[Exercise details] Omit the pictures and output exactly the lines from the start of the entries through the line containing "姜宏教授研究团队在前期的研究中发现,OTU结构域蛋白3(OTU domain-containing protein".

[Listed entries]
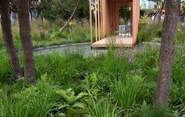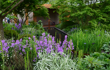 I skoven er der ofte små skovsøer. Her er den steriliseret med et rektangulært bassin omkranset af flerstammede ahorn og pudeklippede takstoppe. Bunden er naturlig og skødesløst beplantet med almindelig aftenstjerne, hosta, astilpe og hvidstribet rørgræs. Som på billedet kan det fint placeres i nærheden af måske endda terrassen, og dermed får du bragt årstiderne helt op til huset.
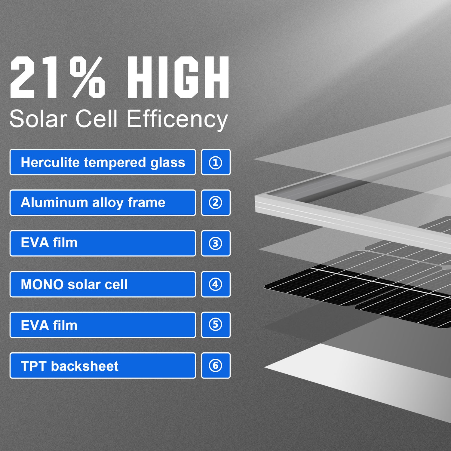 Eco-Worthy monocrystalline solar panel is compact with enhanced aluminum frame and tempered glass. IP65 class water proof, strong enough to withstand strong winds (2400Pa) and snow loads (5400Pa), worry-free for outdoor uses.
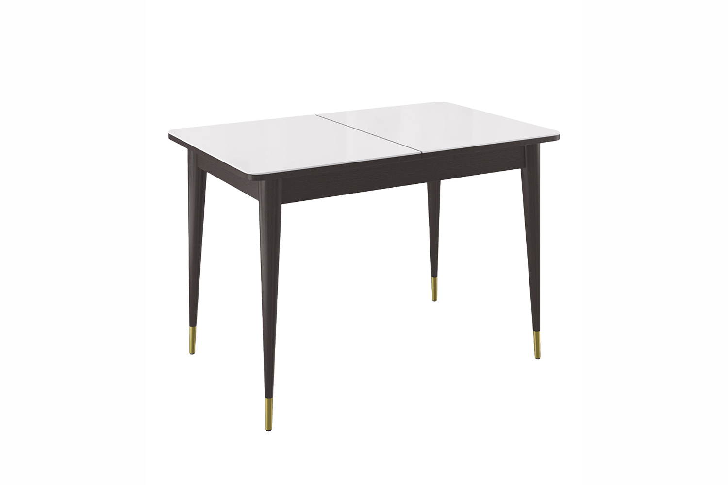 Стол обеденный Мане прямоугольный раздвижной К1100 опоры цвета венге с металлическими наконечниками, столешница - стекло белое глянец.
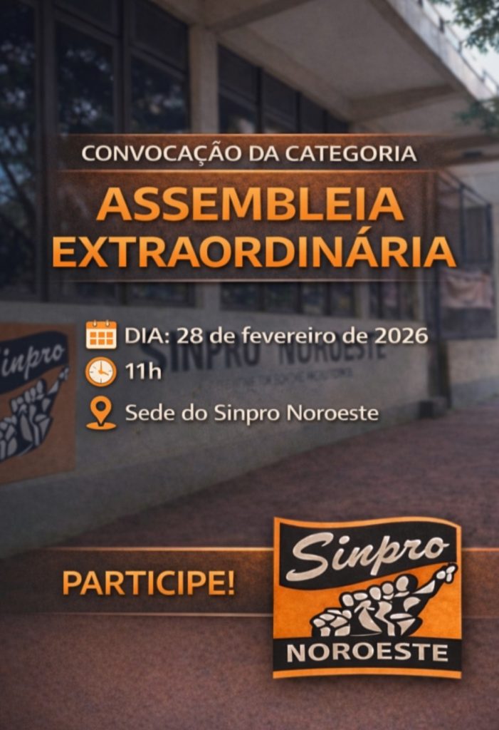 📢 O Sinpro Noroeste convoca toda a categoria de professoras e professores para Assembleia Extraordinária, a ser realizada no dia 28 de fevereiro de 2026, às 11 horas, na sede do Sinpro Noroeste.
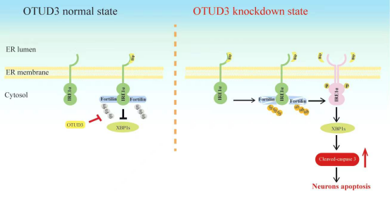 姜宏教授研究团队在前期的研究中发现,OTU结构域蛋白3(OTU domain-containing protein 3,OTUD3)敲除(OTUD3-/-)小鼠会出现运动缺陷和黑质纹状体多巴胺能神经元的损伤,但其损伤机制不明。OTUD3作为维持细胞内蛋白质稳态的重要调节因子是否参与调控内质网应激尚未见任何报道。因此,阐明OTUD3调控内质网应激的分子机制及其在黑质多巴胺能神经元损伤中的作用,对揭示PD的发病机制具有十分重要的意义。为了阐明OTUD3参与调控内质网应激的分子机制及其在多巴胺能神经元死亡中的作用,研究小组通过对OTUD3-/-小鼠多巴胺能神经元中内质网的形态和内质网应激标志蛋白的检测,观察到敲除OTUD3会诱导神经元发生内质网应激。Western blotting对小鼠黑质区内质网应激通路相关蛋白进行检测,结果发现,敲除OTUD3会激活内质网应激的IRE1α信号通路,同时,研究小组还发现OTUD3对IRE1α信号通路的调控是通过调节Fortilin蛋白的表达水平实现的。该研究表明,敲除OTUD3可能通过提高Fortilin蛋白的泛素化水平而激活IRE1α信号通路进而诱导多巴胺能神经元的凋亡,首次提出OTUD3可以参与调节内质网应激。 因此,抑制IRE1α信号通路的激活可作为解决OTUD3诱导的多巴胺能神经元死亡新的治疗靶点。
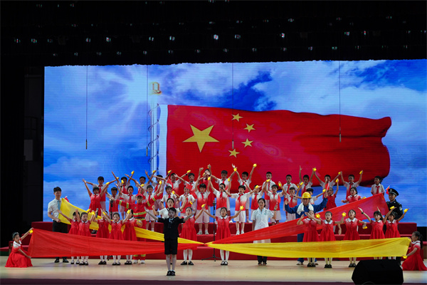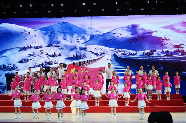 中国,一个响亮的名字。山河壮美,繁荣昌盛,我们为腾飞的祖国点赞,我们为腾飞的祖国喝彩!我们都是中国的孩子,我们永远不分彼此。寄出的爱虽然不同地址,却写下相同文字。扬帆起航,共享今朝明朝。让我们拉起手,环抱世界,一起向未来!
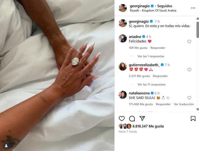 En una entrevista en 2019 con la revista ¡Hola!, Georgina había expresado su deseo de casarse con Cristiano. “Me encantaría. Ahora tenemos otras prioridades, pero en el futuro sería maravilloso convertirme en su esposa”, declaró la modelo, un deseo que hoy parece estar cerca de cumplirse con esta propuesta formal.
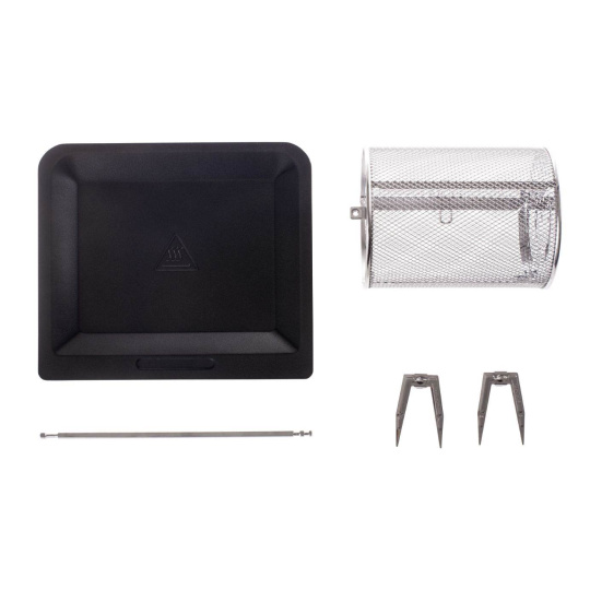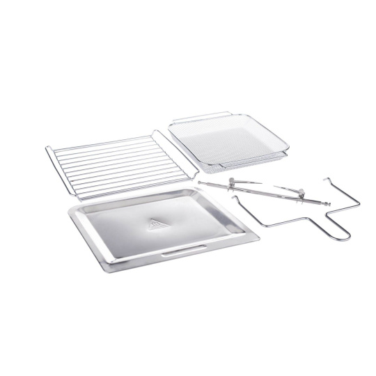 1 klasická mriežka na plech alebo rôzne formy, 1 rotačný kôš na hranolky, 1 hlbšia mriežka na pečenie kuracích krídiel, zemiakov, 1 plochá mriežka na sušenie ovocia či hríbov, 1 odkvapkávací plech, ktorý zachytáva tuk a olej, ihla na grilovanie celého kuraťa, úchyt.
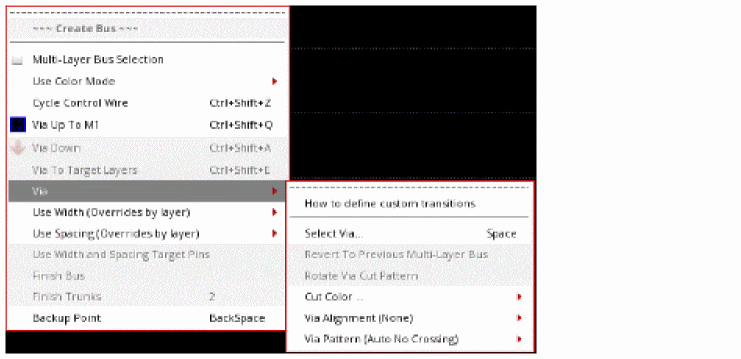When current layer is unable to connect to any lower layer in the layers stack, the Via Up field appears disabled in the Create Bus Context Sensitive menu.
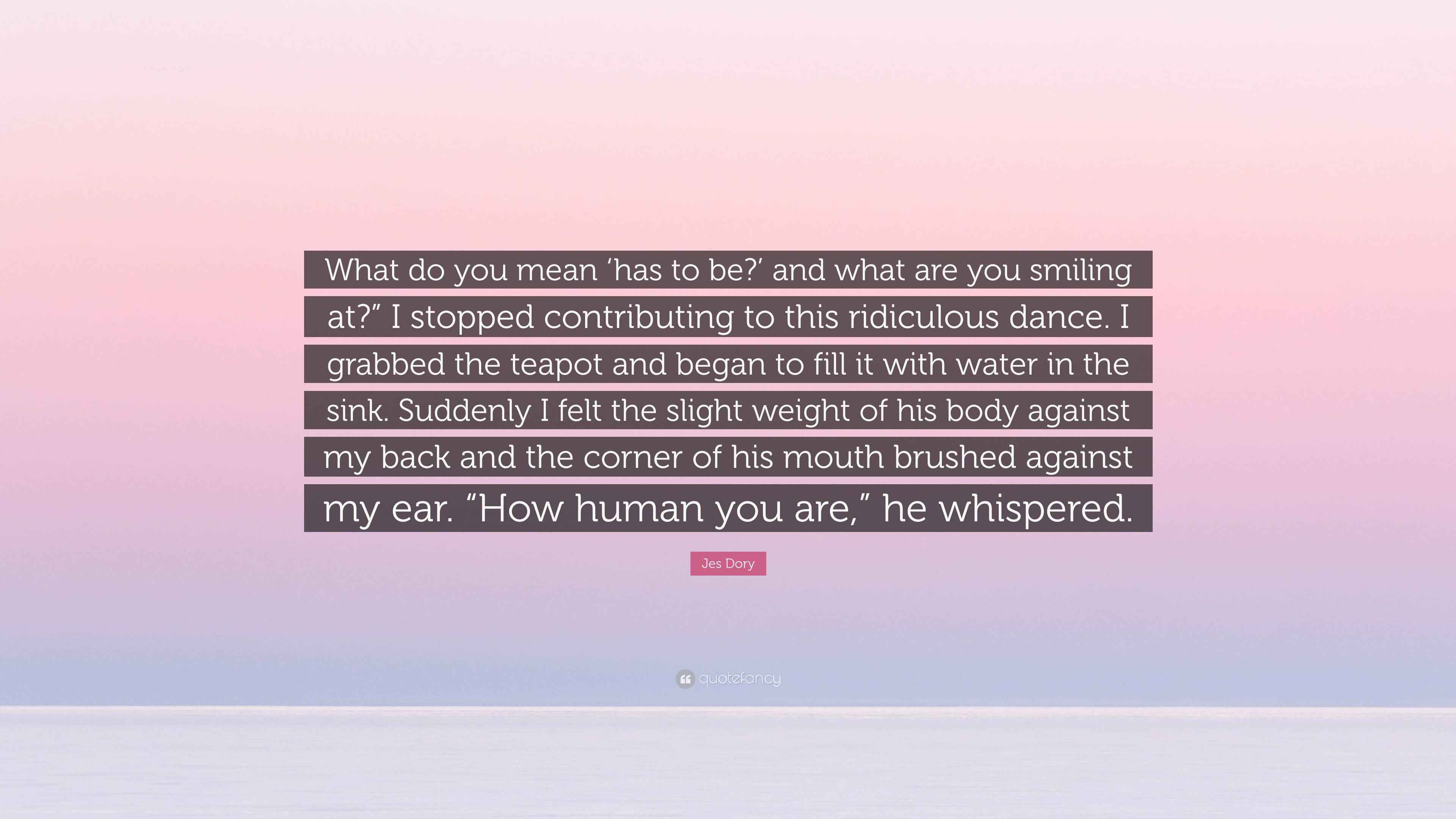 Jes Dory Quote “What do you mean ‘has to be?’ and what are you smiling

[Exercise solution]
 I skoven er der ofte små skovsøer. Her er den steriliseret med et rektangulært bassin omkranset af flerstammede ahorn og pudeklippede takstoppe. Bunden er naturlig og skødesløst beplantet med almindelig aftenstjerne, hosta, astilpe og hvidstribet rørgræs. Som på billedet kan det fint placeres i nærheden af måske endda terrassen, og dermed får du bragt årstiderne helt op til huset.
 Eco-Worthy monocrystalline solar panel is compact with enhanced aluminum frame and tempered glass. IP65 class water proof, strong enough to withstand strong winds (2400Pa) and snow loads (5400Pa), worry-free for outdoor uses.
 Стол обеденный Мане прямоугольный раздвижной К1100 опоры цвета венге с металлическими наконечниками, столешница - стекло белое глянец.
 📢 O Sinpro Noroeste convoca toda a categoria de professoras e professores para Assembleia Extraordinária, a ser realizada no dia 28 de fevereiro de 2026, às 11 horas, na sede do Sinpro Noroeste.
 姜宏教授研究团队在前期的研究中发现,OTU结构域蛋白3(OTU domain-containing protein 3,OTUD3)敲除(OTUD3-/-)小鼠会出现运动缺陷和黑质纹状体多巴胺能神经元的损伤,但其损伤机制不明。OTUD3作为维持细胞内蛋白质稳态的重要调节因子是否参与调控内质网应激尚未见任何报道。因此,阐明OTUD3调控内质网应激的分子机制及其在黑质多巴胺能神经元损伤中的作用,对揭示PD的发病机制具有十分重要的意义。为了阐明OTUD3参与调控内质网应激的分子机制及其在多巴胺能神经元死亡中的作用,研究小组通过对OTUD3-/-小鼠多巴胺能神经元中内质网的形态和内质网应激标志蛋白的检测,观察到敲除OTUD3会诱导神经元发生内质网应激。Western blotting对小鼠黑质区内质网应激通路相关蛋白进行检测,结果发现,敲除OTUD3会激活内质网应激的IRE1α信号通路,同时,研究小组还发现OTUD3对IRE1α信号通路的调控是通过调节Fortilin蛋白的表达水平实现的。该研究表明,敲除OTUD3可能通过提高Fortilin蛋白的泛素化水平而激活IRE1α信号通路进而诱导多巴胺能神经元的凋亡,首次提出OTUD3可以参与调节内质网应激。 因此,抑制IRE1α信号通路的激活可作为解决OTUD3诱导的多巴胺能神经元死亡新的治疗靶点。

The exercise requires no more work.